2013年3月31日日曜日

社交スキルを周り全体が教える

 名古屋でアイズサポートという療育支援の会社が、3周年記念講演を行われるという事で、昨日土曜日に参加させて頂きました。実は地元の中日新聞でも取り上げられておりまして、名古屋でも色々療育支援の会社が育ってきていて、本当に嬉しい事です。親からしたらやっぱり療育も選択肢がないと。
 金沢大学名誉教授の久野能弘先生も午後から発表されていました。失礼なこと言いますが、久野先生のインパクトに圧倒させられましたね。これが面白い、面白い。面白すぎてついお昼ご飯までついご一緒させて頂いたんです。毒舌って言うんですかね。痛烈な批判も大きな声で実名を出してガンガン言ってしまう。「あれ(ある有名なABAの療育家のサービス)やっとったら、子供がダメになるぞ。」とか、「臨床心理士のの○○知ってるか(たくさん本も執筆されている超有名な方です)?あれだけ嘘がつければそりゃ本も売れるわ。・・・あれの患者さん死んだよ。人を助けるより殺した方が多いんちゃうか。」とか、他にも次から次へと敵を作ってらっしゃる。さらに、「だから俺は不適応を起こしてクビになって・・・」なんて言われて、生徒さんから「(クビじゃなくて)退官されたんですって」と。やはりこういった他者批判から自己卑下のコメントまで含めて、久野先生ならではの会話のサービスというか、ボケと突っ込みのボケということでしょうかね。聞き手が突っ込むことが期待されている。この辺関西育ちじゃないと難しいですよね。私はぼんやりしている系なので、「そうじゃないですよ。」とか否定したり突っ込まなきゃ行けないところでも「はあ。そうですね。」なんて同意してしまったりして、聞き手スキルというか適切な社交スキルが育っていない。せっかくの会話を膨らますことができてない。「すみません。うなずく所じゃないですね。」と言うと、「日本ではうなずいとったら生きておれへんぞ。」と、ぴしゃり。やっぱり頭も切れる。先生は毎日ブログも書かれているようで、面白いので読んでみて下さい。
 アイズサポートの代表の伊藤さんの講演も大変丁寧で良かったですよ。4年目に突入ということですが、一つ一つ丁寧にケースを考えておられるようで、真摯で真面目な姿勢が印象的でした。こういった療育の場が本当に増えると良いと思います。
 ところで社交スキルと言えば、お客さんで高機能の方の就労支援、ジョブコーチをされている方からの質問で、面白いものがありました。「緊張すると笑ってしまう人がいる。会社の上司や同僚にも、障害があって笑ってしまっていることをきちんと説明しておいてあるが、頭では理解しているのと、実際にそれを経験するのは違い、笑われるとストレスが溜まってしまう。」ということでした。そうですね。日本では一般に我慢する文化というか、多少のストレスでは口に出さずに我慢してしまう良い人が多いです。逆に言えば、ストレスを徐々に溜め込んで後で切れてしまう人(健常の人)もいますよね。こういう場合には、「障害があるから、緊張すると笑ってしまうんだよ。」ということだけではなく、では笑ってしまった場合に上司や同僚としてどうやって接したら(教えたら)良いのかまで説明し、見本を見せると良いでしょう。
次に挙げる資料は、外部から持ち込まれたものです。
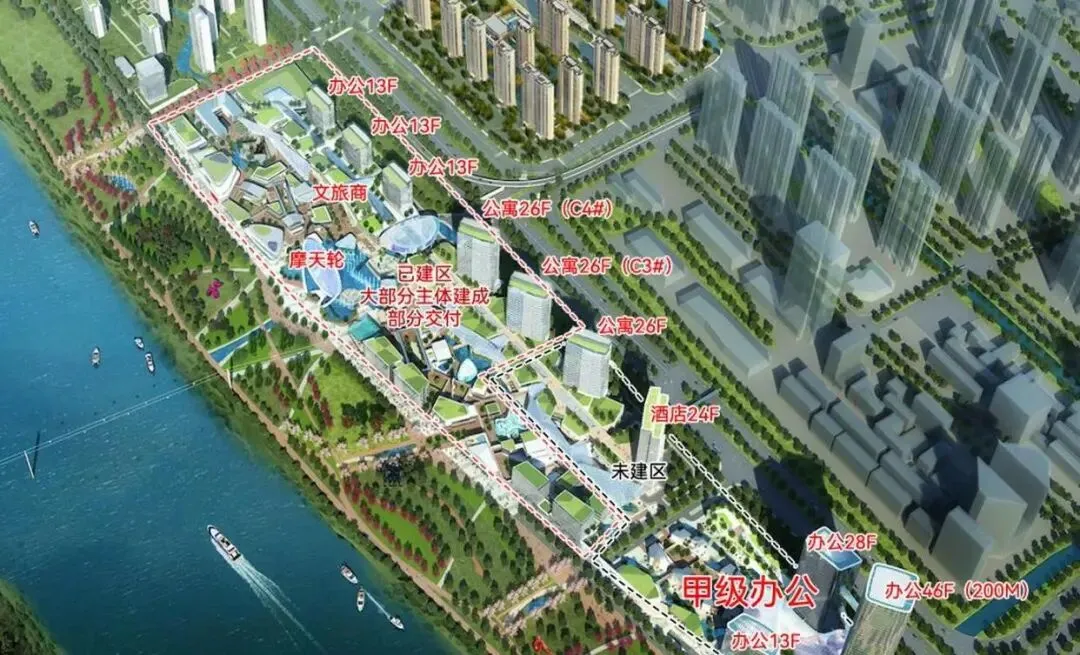 这个综合体里有甲级写字楼、W酒店等业态,两栋华寓中,C3楼早就在2004年交付使用,C4楼计划在2026年交付。园区里的巨大摩天轮,现在已经成了滨江区域的标志性建筑,很多人专门去打卡拍照。
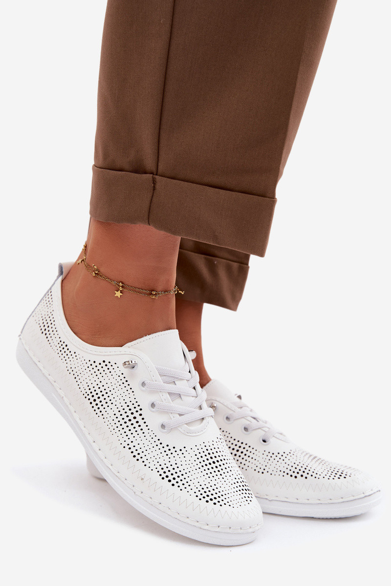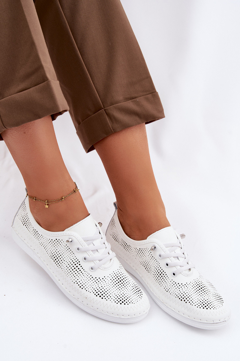 Scarpe in pelle donna con elementi a traforo S.Barski LR61-7083 bianche
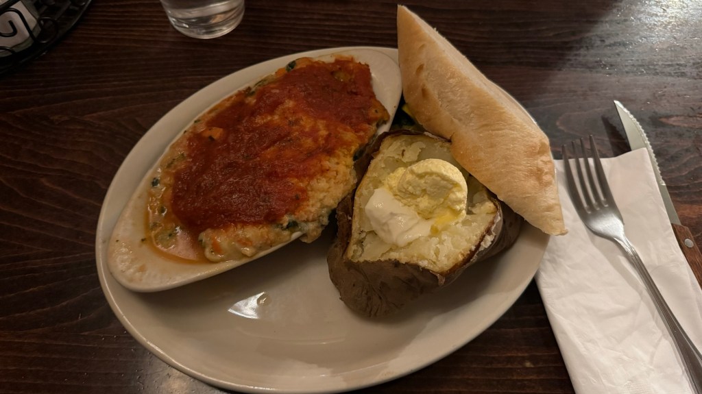 Since it was already 5 PM by the time we arrived, we decided to do a quick load of laundry and went to eat at Quincy’s steakhouse. I wasn’t fancying a steak but ordered vegetable lasagna, salad, potato, and bread.
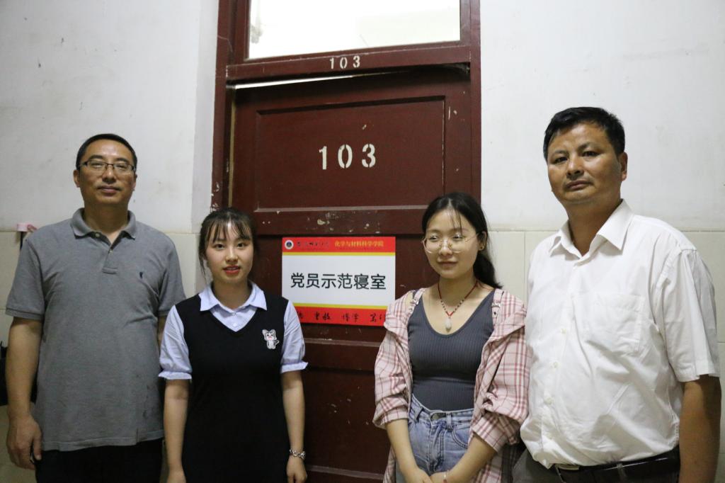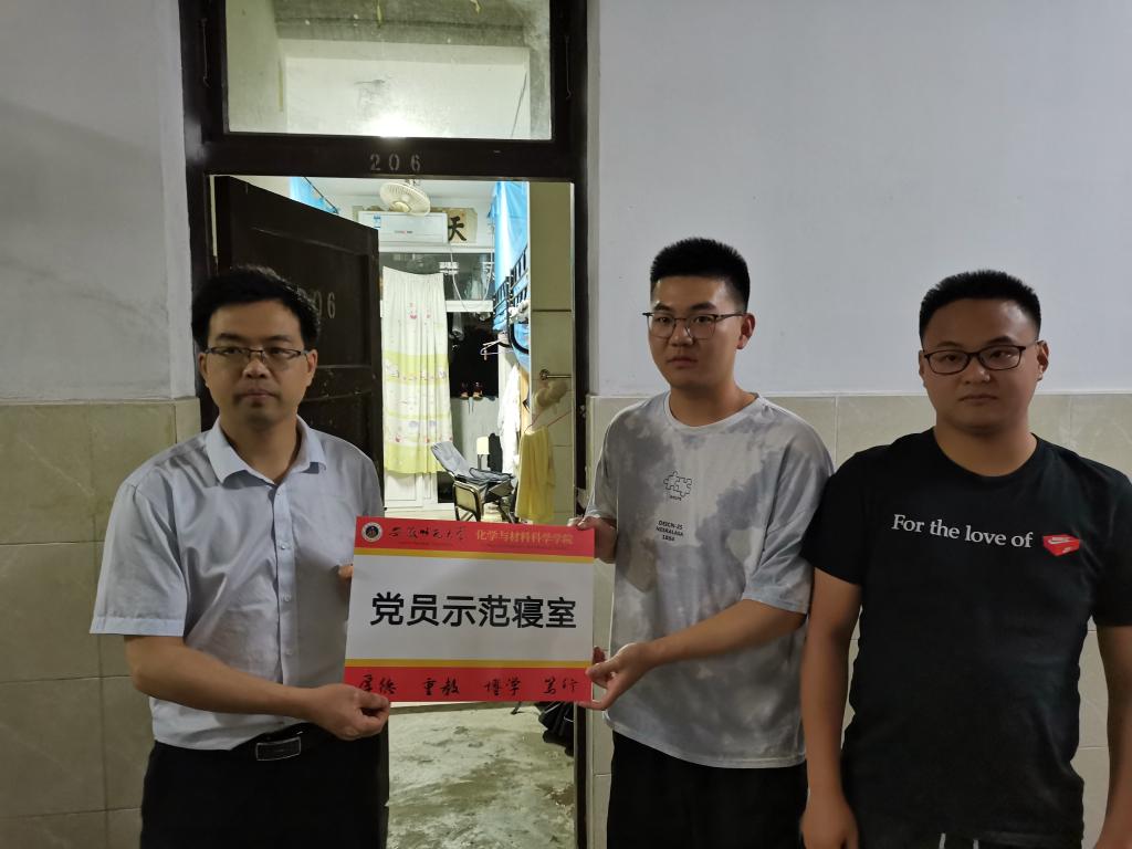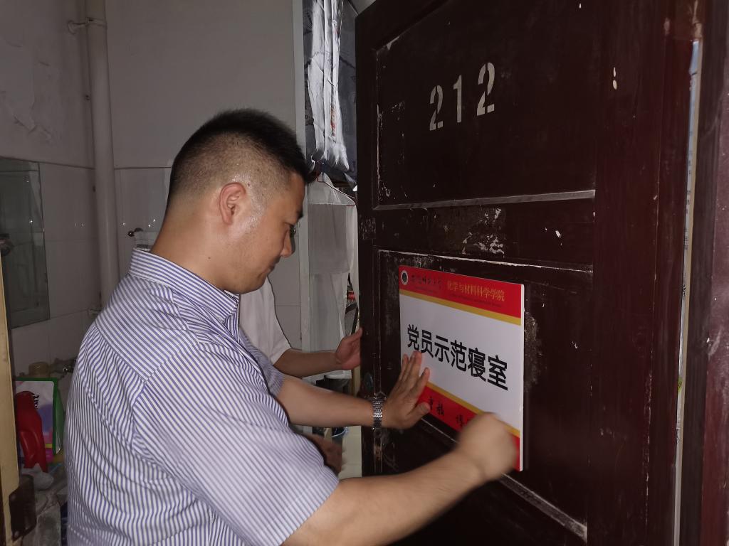 领导老师们深入员工宿舍,为党员寝室挂牌、亮身份,在挂牌过程中强调,党员要在和谐宿舍创建工作中充分发挥先锋模范作用,以实际行动影响和带动其他员工养成良好的行为规范,努力营造干净舒适的学习生活氛围,促进学风建设和员工健康成长。员工党员们也立志严格要求自己,遵守各项规章制度,加强室风建设,彰显化材学子青春风采。
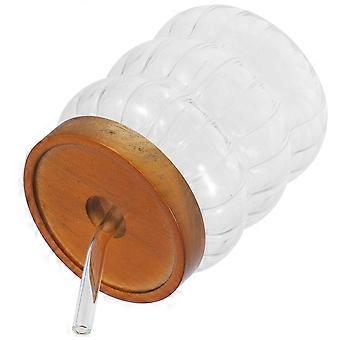 Striped Glass Cup for Drinking 1Set Glass and Wood Material with Straw
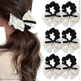 6 Pcs Lace Hair Scrunchies with Bow for Women Black and White Elastic Ponytail Holders
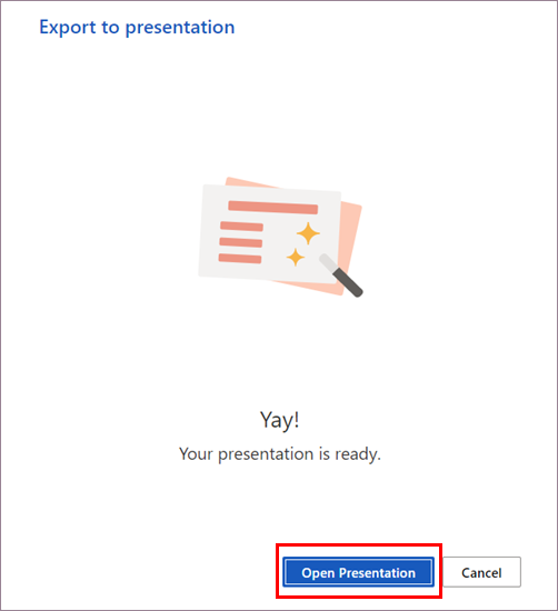 使用“导出”命令并选择“导出到 PowerPoint 演示文稿”时,Word基于文档的所有汇总部分创建演示文稿。

 具体的にはその人によって違うので、質問に出られた方にはどういった接し方が一番良いのかは分かりませんが、例えば「今笑っているの分かる?今は注意している時だから、笑っても良い時?じゃあどういう表情が適切かな?そうそう。やればできる。じゃあやり直してみよっか。」などと、上司や同僚の前で、間違いが起こった時点で、社交スキルの練習をするわけです。(人前で注意されることに敏感なクライエントさんもいるので、人前で恥をかかせないように、批判的な言い方にならないように注意してください。それから、本人との信頼関係が育っていない場合には難しいので注意してください。強化を繰り返して行く事で信頼関係は築けます。)こうやって周囲に社交スキルの教え方を(プロンプトや強化の仕方)教えることで、ストレスを我慢している上司や同僚の方には、「ああ、こうすれば良いのか。」というやり方がわかります。何度も見本をみせると良いです。
 意外ですが、上司や同僚のスキルの上達も重要なのです(他の社員の教育にも役立ったりして)。もちろん本人の社交スキルが上がる事も大切なのですが、「緊張すると笑ってしまう」という時点で、他にも社交スキルの欠如で他の人にストレスをかけている場面が色々とあるはずです。そんなに簡単に社交スキルが全般に改善することは稀なので、逆に周りがどうすれば上手くストレスを溜めずに、本人の行動を直させるか覚える事も重要です。口で「障害がある」と説明するのでは足りませんので、どうするのか具体的に見本を見せることが必要でしょう。